Mehr Informationen zum Thema Handystrahlung findet man auf www.schneeflöckchen.com

VN-Umfrage: Wie hat dir der Handyworkshop gefallen?

Jacqueline, 15 Jahre
Der Muskeltest hat mir am besten gefallen. Es ist eine eigenartige Erfahrung, wenn man spürt wie der Armmuskel schlapp macht, sobald man mit dem anderen Arm das Handy ans Ohr führt. Ich bin oft am Morgen müde und werde das Handy in Zukunft in der Nacht ausschalten und es mal mit einem herkömmlichen Wecker probieren.

Nadine, 14 Jahre
Ich fand den Handyworkshop sehr interessant und auch zum Teil ganz lustig. Ich habe zwar davor schon von elektromagnetischen Strahlen gehört, mir war aber nicht bewusst wie gefährlich sie sind. Ich habe mein Handy auch jetzt schon in der Nacht immer ausgeschalten und habe zudem eine Freisprechanlage.

Serhat, 14 Jahre
Mir hat die ganze Veranstaltung total gut gefallen.

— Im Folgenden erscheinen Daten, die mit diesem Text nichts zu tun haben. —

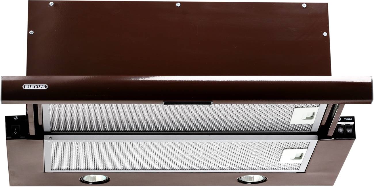 Телескопические вытяжки (выдвижные или убирающиеся) имеют уменьшенные размеры в нерабочем положении. Когда прибор включен, его рабочая поверхность увеличивается вдвое благодаря выдвижной панели.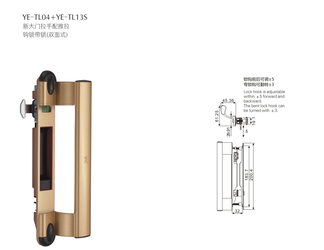 新大門(mén)拉手配推拉 鉤鎖帶鎖(雙面式)

Cool fand ich auch den Teil über Handysprache und SMS-Abkürzungen. Es hat anscheinend jemanden gegeben, der 14000 SMS im Monat verschickt hat. Ich bringe es max. auf 1000 pro Monat. Interessant ist auch die Idee Gedichte am Handy zu lernen.

Manuel, 14 Jahre.
Am lustigsten fand ich den Teil “Handygedichte statt Auswendiglernen”. Dort haben wir an hand eines Gedichtes einen eigenen Liedrefrain getextet und anschließend vorgesungen. Allgemein finde ich es erschreckend wie gefährlich Handystrahlen sind und wie viel Stress ein klingelndes Handy im Körper produziert.